:: Data provided ::

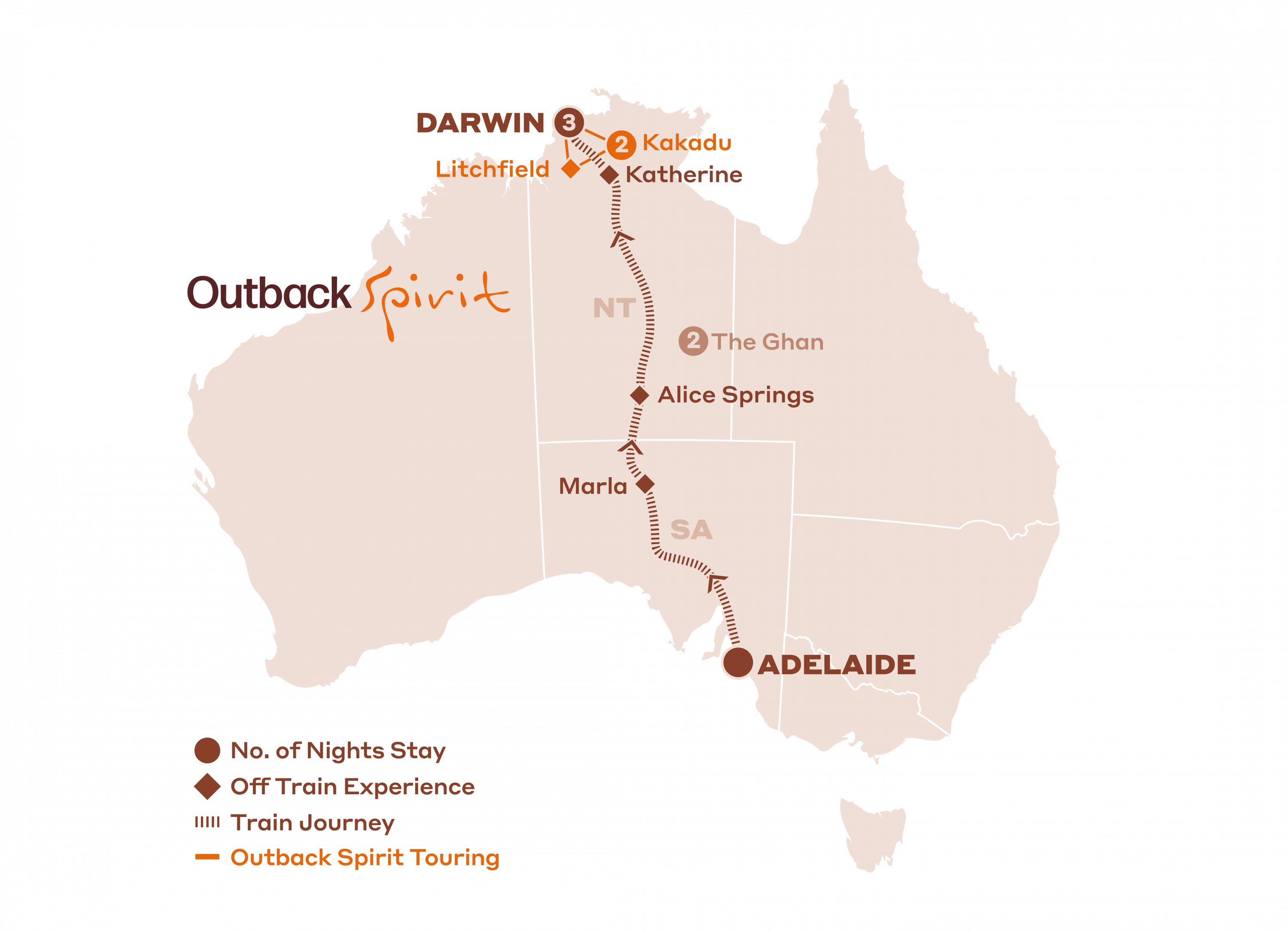 After your first night enjoying the fine dining and relaxed comfort of this iconic train, you’ll wake to an unforgettable outback sunrise at Marla – a remote outpost 160 kilometres from the Northern Territory border that marks the start of the Oodnadatta Track. Enjoy the magnificent scenery as you make your way onwards to Alice Springs, where you have a selection of Off Train Experiences to choose from. There’s an experience to suit everyone, from an off-road mountain bike adventure to the Alice Explorer tour, a cultural experience at Standley Chasm, meeting the wildlife at the Desert Park, or taking in the astounding beauty of Simpson’s Gap. Alternatively, take it all in from the air, with an optional upgrade helicopter flight. (B,L,D)
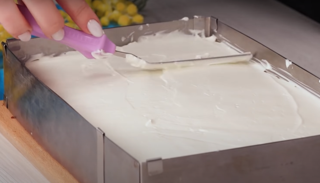 Umieść jeden kawałek ciasta na dnie mniejszej foremki i przystąp do przygotowania kremu. Miękki twarożek wymieszaj z cukrem pudrem, mlekiem, cukrem waniliowym i sokiem z cytryny. Dodawaj porcjami śmietanę. Połowę powstałego kremu ułóż na przygotowanym cieście i rozprowadź równomiernie na jego powierzchni.
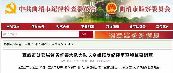 宣威市公安局警务督察大队大队长夏峰接受纪律审查和监察调查
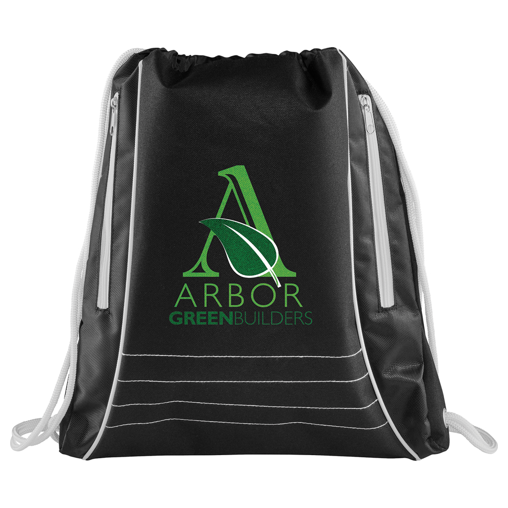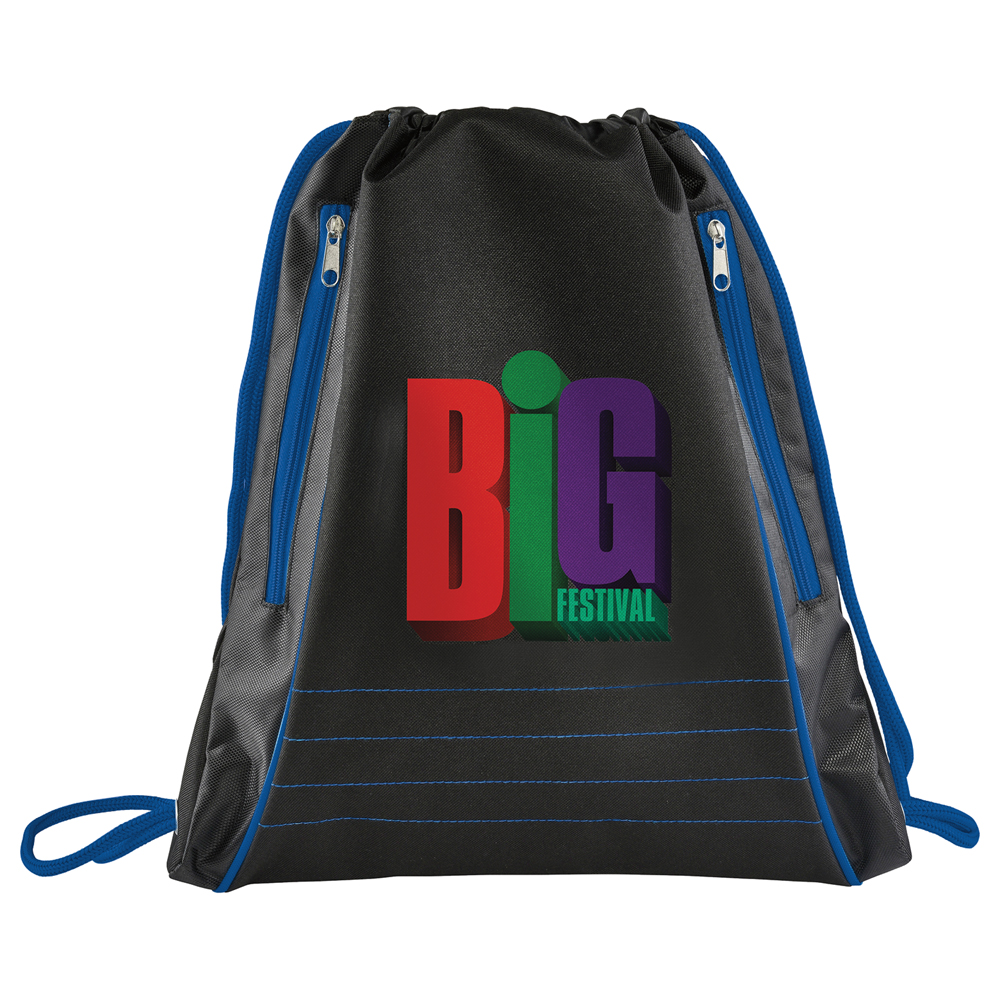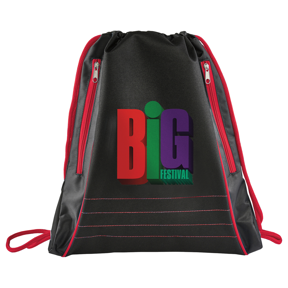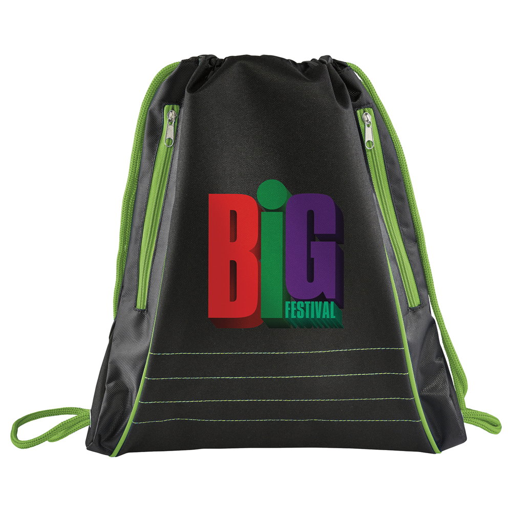 The Neon Deluxe Drawstring Bag features color pop accents, stitching and piping throughout and an open main compartment with a cinching closure and two easy access zippered pockets on the front.
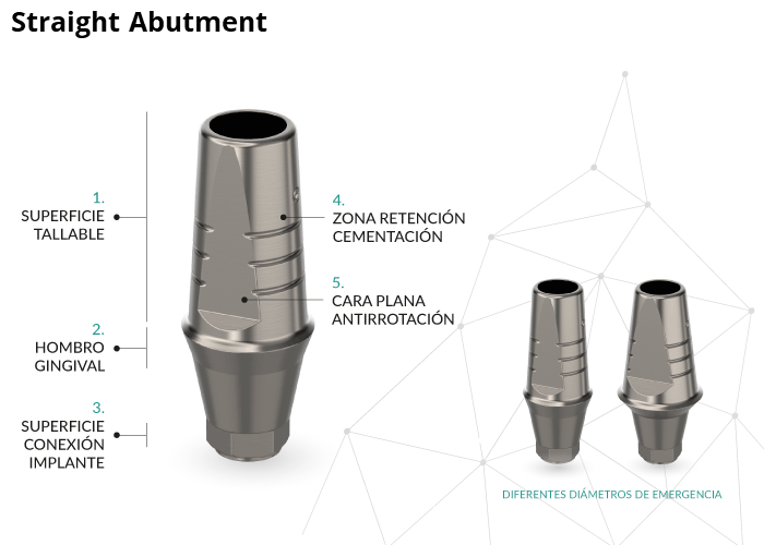 The connection of the Straight Abutment to the prosthetic structure is achieved by cementation, while the connection to the implant is achieved with the corresponding screw.
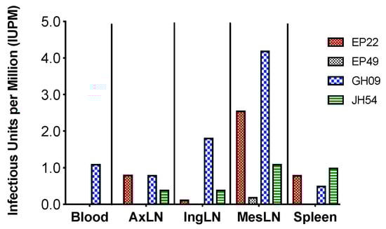 3.5. The Size of Viral Latent Reservoir Was Higher in Mesenteric LN Than Other Tested Tissues
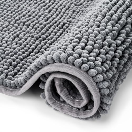 smiry Non Slip Chenille Bath Mat, Extra Soft Bathroom Mat, Super Absorbent Fluffy Bath Mats for Bathroom, Machine-Washable Quick Dry Bath Rug Foot Mat, 40 x 60 cm, Grey
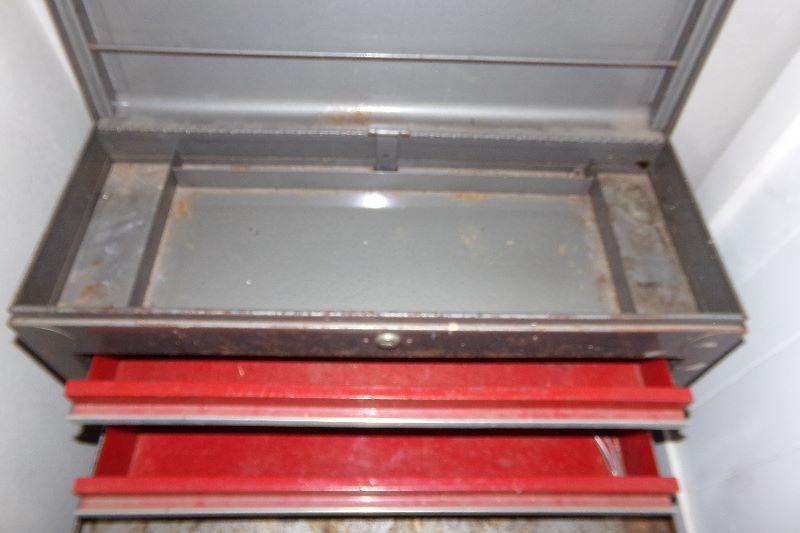 There's paint loss, a little rusting and the bottom door does not lay flush. Drawers all work well when bottom door is in place
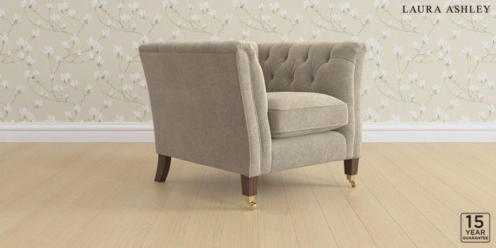 6.12.1 Buy Chatsworth Button Back by Laura Ashley Armchair Lundar Chenille Truffle Natural Straight Brass Castor - Chestnut from the Next UK online shop Click here to use our accessible website

:::

## [Goal of the exercise]
In full and without change, repeat the material above, minus the pictures.

## [Result of the task]
 After your first night enjoying the fine dining and relaxed comfort of this iconic train, you’ll wake to an unforgettable outback sunrise at Marla – a remote outpost 160 kilometres from the Northern Territory border that marks the start of the Oodnadatta Track. Enjoy the magnificent scenery as you make your way onwards to Alice Springs, where you have a selection of Off Train Experiences to choose from. There’s an experience to suit everyone, from an off-road mountain bike adventure to the Alice Explorer tour, a cultural experience at Standley Chasm, meeting the wildlife at the Desert Park, or taking in the astounding beauty of Simpson’s Gap. Alternatively, take it all in from the air, with an optional upgrade helicopter flight. (B,L,D)
 Umieść jeden kawałek ciasta na dnie mniejszej foremki i przystąp do przygotowania kremu. Miękki twarożek wymieszaj z cukrem pudrem, mlekiem, cukrem waniliowym i sokiem z cytryny. Dodawaj porcjami śmietanę. Połowę powstałego kremu ułóż na przygotowanym cieście i rozprowadź równomiernie na jego powierzchni.
 宣威市公安局警务督察大队大队长夏峰接受纪律审查和监察调查
 The Neon Deluxe Drawstring Bag features color pop accents, stitching and piping throughout and an open main compartment with a cinching closure and two easy access zippered pockets on the front.
 The connection of the Straight Abutment to the prosthetic structure is achieved by cementation, while the connection to the implant is achieved with the corresponding screw.
 3.5. The Size of Viral Latent Reservoir Was Higher in Mesenteric LN Than Other Tested Tissues
 smiry Non Slip Chenille Bath Mat, Extra Soft Bathroom Mat, Super Absorbent Fluffy Bath Mats for Bathroom, Machine-Washable Quick Dry Bath Rug Foot Mat, 40 x 60 cm, Grey
 There's paint loss, a little rusting and the bottom door does not lay flush. Drawers all work well when bottom door is in place
 6.12.1 Buy Chatsworth Button Back by Laura Ashley Armchair Lundar Chenille Truffle Natural Straight Brass Castor - Chestnut from the Next UK online shop Click here to use our accessible website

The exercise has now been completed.